» **What the exercise asks**: In the data below, find the line containing "时尚中长款针织衫女春秋新款慵懒风黑色毛衣开衫宽松长袖上衣外套" and the line containing "寝室の状態を見ていきましょう", then reproduce them and every line between, exactly. Omit pictures.

» **Input data**:
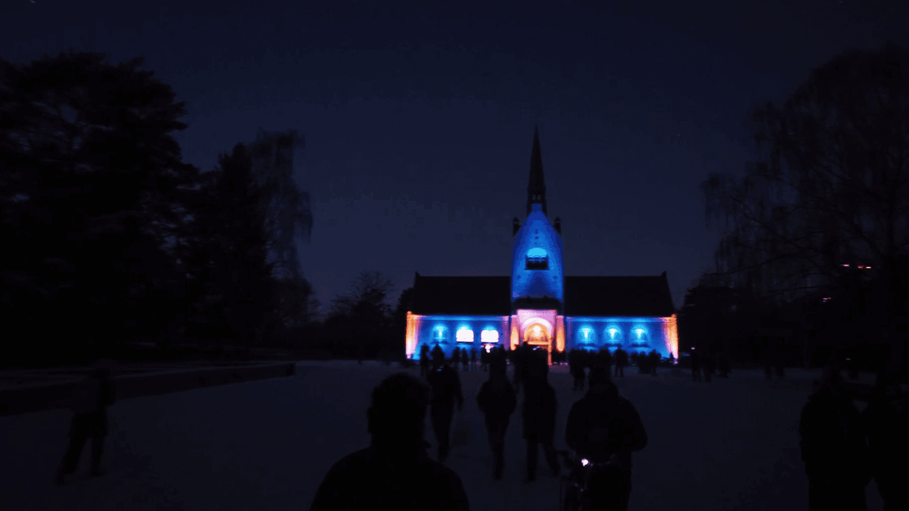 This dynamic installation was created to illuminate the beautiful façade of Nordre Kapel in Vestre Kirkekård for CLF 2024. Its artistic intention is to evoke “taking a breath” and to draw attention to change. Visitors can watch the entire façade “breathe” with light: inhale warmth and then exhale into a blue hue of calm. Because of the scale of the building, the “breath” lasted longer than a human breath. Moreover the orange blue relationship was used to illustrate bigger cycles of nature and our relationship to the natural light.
* * *
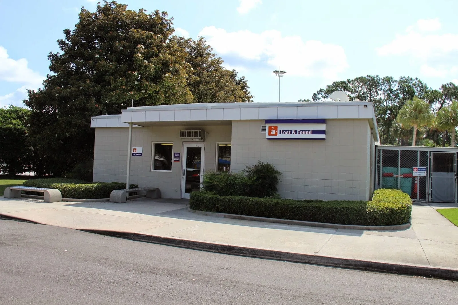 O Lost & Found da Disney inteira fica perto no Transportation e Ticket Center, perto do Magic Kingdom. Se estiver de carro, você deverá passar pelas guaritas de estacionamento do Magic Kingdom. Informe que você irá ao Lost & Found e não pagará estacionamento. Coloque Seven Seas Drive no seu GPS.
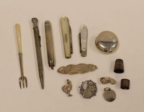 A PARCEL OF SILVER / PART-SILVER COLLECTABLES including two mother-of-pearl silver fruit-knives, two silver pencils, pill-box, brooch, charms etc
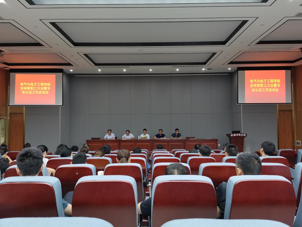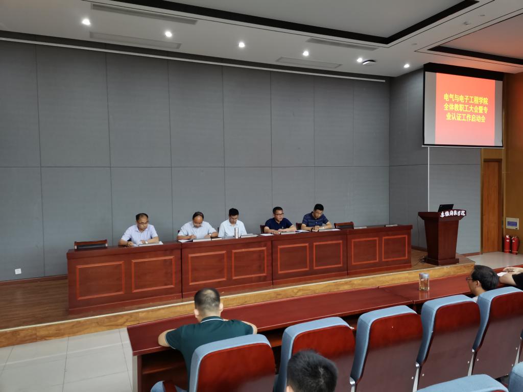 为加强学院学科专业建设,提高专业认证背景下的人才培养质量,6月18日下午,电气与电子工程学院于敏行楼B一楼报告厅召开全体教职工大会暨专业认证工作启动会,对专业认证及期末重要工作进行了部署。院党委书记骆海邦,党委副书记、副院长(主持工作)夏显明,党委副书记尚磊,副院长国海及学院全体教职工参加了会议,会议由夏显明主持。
...
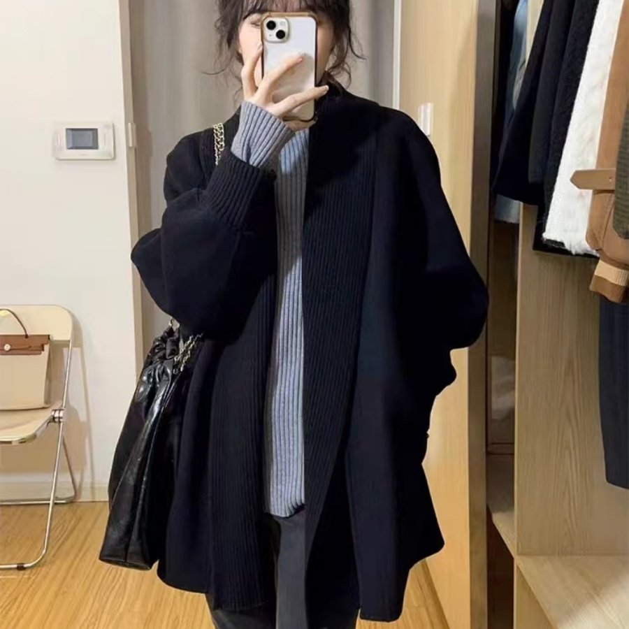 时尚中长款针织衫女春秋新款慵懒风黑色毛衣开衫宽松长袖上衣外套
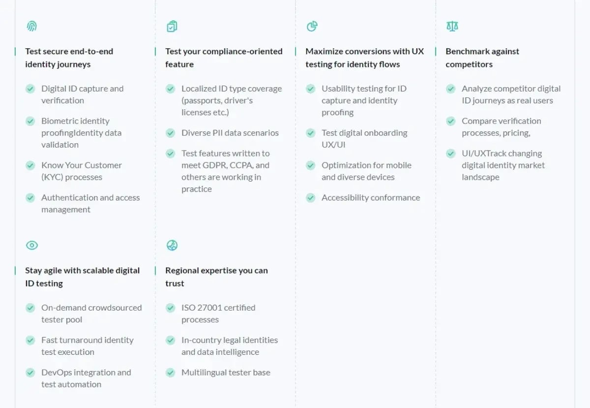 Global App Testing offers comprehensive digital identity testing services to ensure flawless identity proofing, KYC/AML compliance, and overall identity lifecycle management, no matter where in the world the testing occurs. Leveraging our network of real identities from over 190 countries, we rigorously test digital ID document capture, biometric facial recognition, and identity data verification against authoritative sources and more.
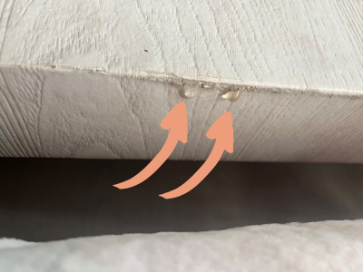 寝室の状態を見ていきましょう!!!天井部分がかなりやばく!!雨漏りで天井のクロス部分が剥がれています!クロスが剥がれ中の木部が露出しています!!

» **Task output**:
 时尚中长款针织衫女春秋新款慵懒风黑色毛衣开衫宽松长袖上衣外套
 Global App Testing offers comprehensive digital identity testing services to ensure flawless identity proofing, KYC/AML compliance, and overall identity lifecycle management, no matter where in the world the testing occurs. Leveraging our network of real identities from over 190 countries, we rigorously test digital ID document capture, biometric facial recognition, and identity data verification against authoritative sources and more.
 寝室の状態を見ていきましょう!!!天井部分がかなりやばく!!雨漏りで天井のクロス部分が剥がれています!クロスが剥がれ中の木部が露出しています!!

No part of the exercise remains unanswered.